What is expected -
What is needed is an exact copy of the listing, with no pictures in it.

Information shown -
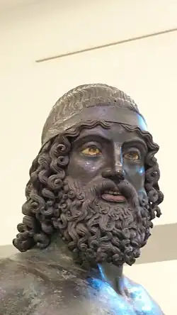 L'usage de patines volontaires dans la Grèce antique est encore très problématique pour les historiens de l'art : la plupart du temps, les statues de bronze ne reçoivent pas de patine chimique[2]. Cependant, les sculpteurs grecs utilisent plusieurs autres matériaux métalliques, notamment pour donner de la polychromie à leurs statues par des incrustations. Ainsi les lèvres et les mamelons sont-ils le plus souvent dans un alliage très riche en cuivre, donc très rouge[3]. Jusqu'au milieu du Ve siècle, les sourcils, le sang et les pointes des seins des hommes nus sont incrustés dans ce même matériau. Il arrive également que les dents soient plaquées d'argent, comme dans le cas de l'Aurige de Delphes et le guerrier A des Bronzes de Riace ; un doigt provenant de l'Acropole d'Athènes atteste la véracité du récit de Pausanias quand il parle d'ongles en argent. Quant aux yeux, il arrive qu'ils soient l'œuvre d'un artisan spécial, comme l'attestent les sources pour la période romaine (l'artisan est appelé oculus faber). Le globe oculaire, en marbre, ivoire, calcaire ou pâte de verre blanche est évidé pour y glisser l'iris en pâte de verre, quartz ou cristal de roche, qui comporte lui-même une cupule où placer la pupille, dans un verre de couleur différente ou en obsidienne. Le tout peut être maintenu par des arceaux métalliques. Les incrustations de l'iris et de la pupille n'emplissent pas entièrement la cavité qui leur est destinée, afin que la lumière puisse jouer avec. Des nuances très fines peuvent être obtenues, comme dans le cas d'une tête d'enfant hellénistique provenant d'Olympie dont l'iris est dans une pâte de verre brune avec des reflets violacés.
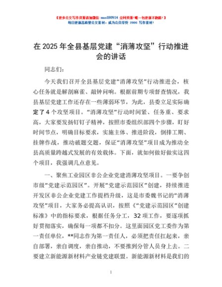 / 在2025年全县基层党建“消薄攻坚”行动推进会的讲话
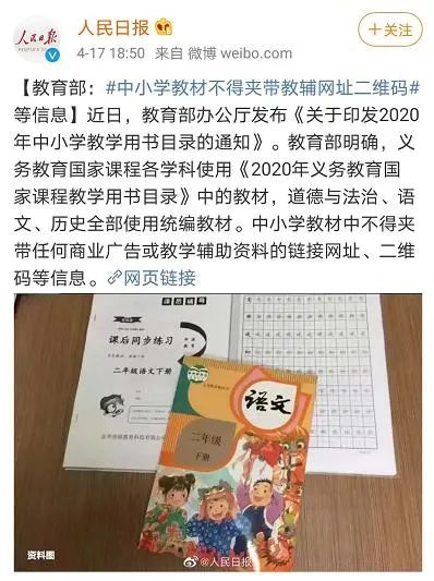 近日,教育部办公厅发布《关于印发2020年中小学教学用书目录的通知》,公布了2020年普通中小学、特殊教育学校和体育运动学校教学用书目录和用书要求。通知要求,中小学教材中不得夹带任何商业广告或教学辅助资料的链接网址、二维码等信息。
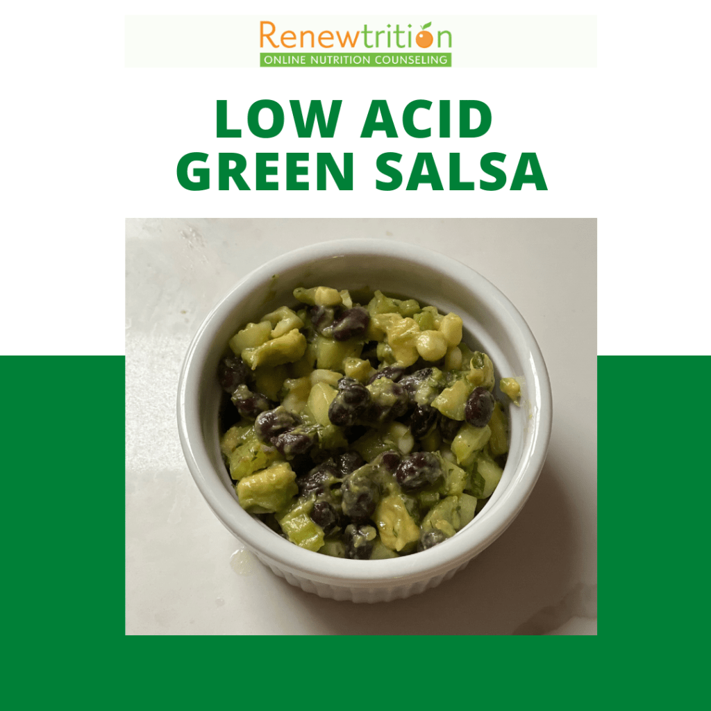 This quick & easy green salsa recipe using less acidic ingredients than traditional salsa.
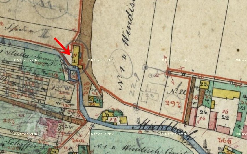Z údajů Indikační skici Stabilního katastru z roku 1843 vyplývá, že mlýn patřil k majetku Windischgrätzů, kteří od roku 1838 vlastnili vintířovské panství.
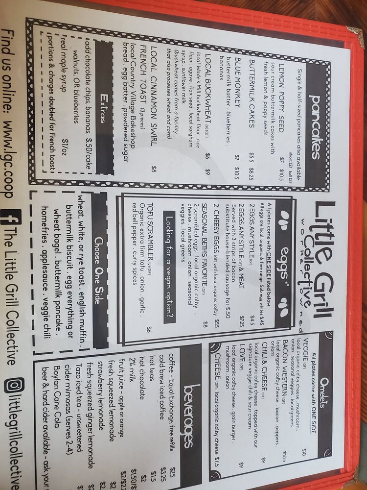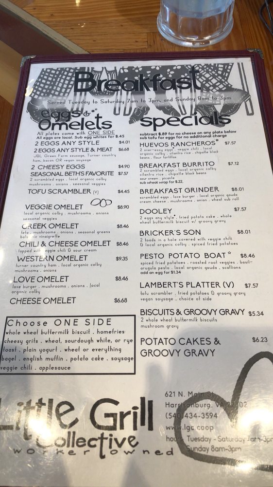 Introducing The Little Grill, a hidden gem in Harrisonburg, VA, specializing in vegan and vegetarian breakfast and brunch options. This hipster, casual spot offers a diverse menu with many vegetarian choices, as well as vegan-friendly dishes. The customer reviews rave about the friendly service, delicious food, and cozy atmosphere. Highlights include blueberry pancakes loaded with fresh blueberries, a Greek omelette, and mouth-watering cinnamon roll pancakes. The seasonal menus keep things exciting, and the hospitable staff ensure a memorable dining experience. With amenities like outdoor seating, free Wi-Fi, and gender-neutral restrooms, The Little Grill is a must-visit for food enthusiasts looking for a unique and satisfying meal.
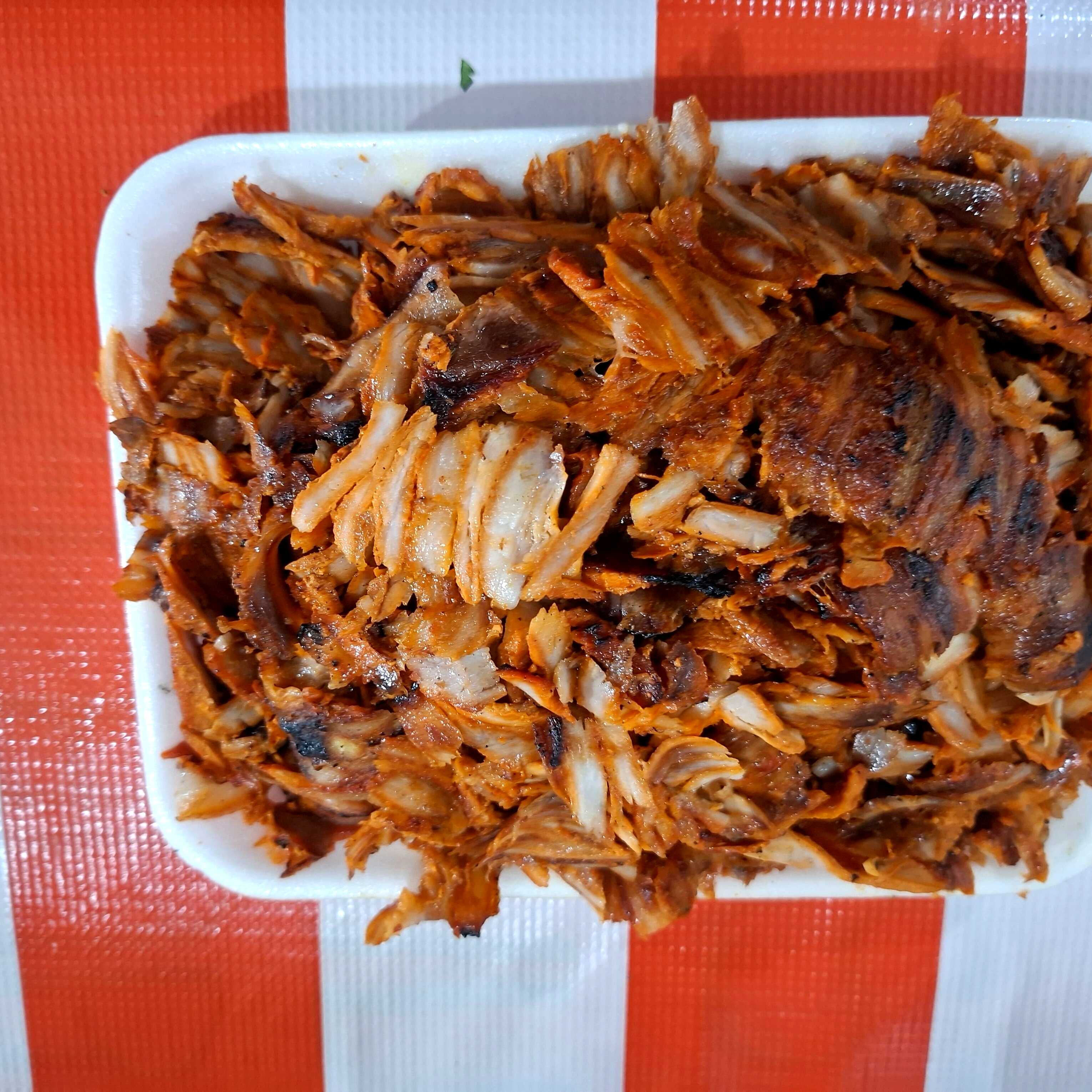Pastor, morron, cebolla, tocino y queso , ncluye tortillas , salsas, limones, verdura y ensalada

Problem solution -
 L'usage de patines volontaires dans la Grèce antique est encore très problématique pour les historiens de l'art : la plupart du temps, les statues de bronze ne reçoivent pas de patine chimique[2]. Cependant, les sculpteurs grecs utilisent plusieurs autres matériaux métalliques, notamment pour donner de la polychromie à leurs statues par des incrustations. Ainsi les lèvres et les mamelons sont-ils le plus souvent dans un alliage très riche en cuivre, donc très rouge[3]. Jusqu'au milieu du Ve siècle, les sourcils, le sang et les pointes des seins des hommes nus sont incrustés dans ce même matériau. Il arrive également que les dents soient plaquées d'argent, comme dans le cas de l'Aurige de Delphes et le guerrier A des Bronzes de Riace ; un doigt provenant de l'Acropole d'Athènes atteste la véracité du récit de Pausanias quand il parle d'ongles en argent. Quant aux yeux, il arrive qu'ils soient l'œuvre d'un artisan spécial, comme l'attestent les sources pour la période romaine (l'artisan est appelé oculus faber). Le globe oculaire, en marbre, ivoire, calcaire ou pâte de verre blanche est évidé pour y glisser l'iris en pâte de verre, quartz ou cristal de roche, qui comporte lui-même une cupule où placer la pupille, dans un verre de couleur différente ou en obsidienne. Le tout peut être maintenu par des arceaux métalliques. Les incrustations de l'iris et de la pupille n'emplissent pas entièrement la cavité qui leur est destinée, afin que la lumière puisse jouer avec. Des nuances très fines peuvent être obtenues, comme dans le cas d'une tête d'enfant hellénistique provenant d'Olympie dont l'iris est dans une pâte de verre brune avec des reflets violacés.
 / 在2025年全县基层党建“消薄攻坚”行动推进会的讲话
 近日,教育部办公厅发布《关于印发2020年中小学教学用书目录的通知》,公布了2020年普通中小学、特殊教育学校和体育运动学校教学用书目录和用书要求。通知要求,中小学教材中不得夹带任何商业广告或教学辅助资料的链接网址、二维码等信息。
 This quick & easy green salsa recipe using less acidic ingredients than traditional salsa.
Z údajů Indikační skici Stabilního katastru z roku 1843 vyplývá, že mlýn patřil k majetku Windischgrätzů, kteří od roku 1838 vlastnili vintířovské panství.
 Introducing The Little Grill, a hidden gem in Harrisonburg, VA, specializing in vegan and vegetarian breakfast and brunch options. This hipster, casual spot offers a diverse menu with many vegetarian choices, as well as vegan-friendly dishes. The customer reviews rave about the friendly service, delicious food, and cozy atmosphere. Highlights include blueberry pancakes loaded with fresh blueberries, a Greek omelette, and mouth-watering cinnamon roll pancakes. The seasonal menus keep things exciting, and the hospitable staff ensure a memorable dining experience. With amenities like outdoor seating, free Wi-Fi, and gender-neutral restrooms, The Little Grill is a must-visit for food enthusiasts looking for a unique and satisfying meal.
Pastor, morron, cebolla, tocino y queso , ncluye tortillas , salsas, limones, verdura y ensalada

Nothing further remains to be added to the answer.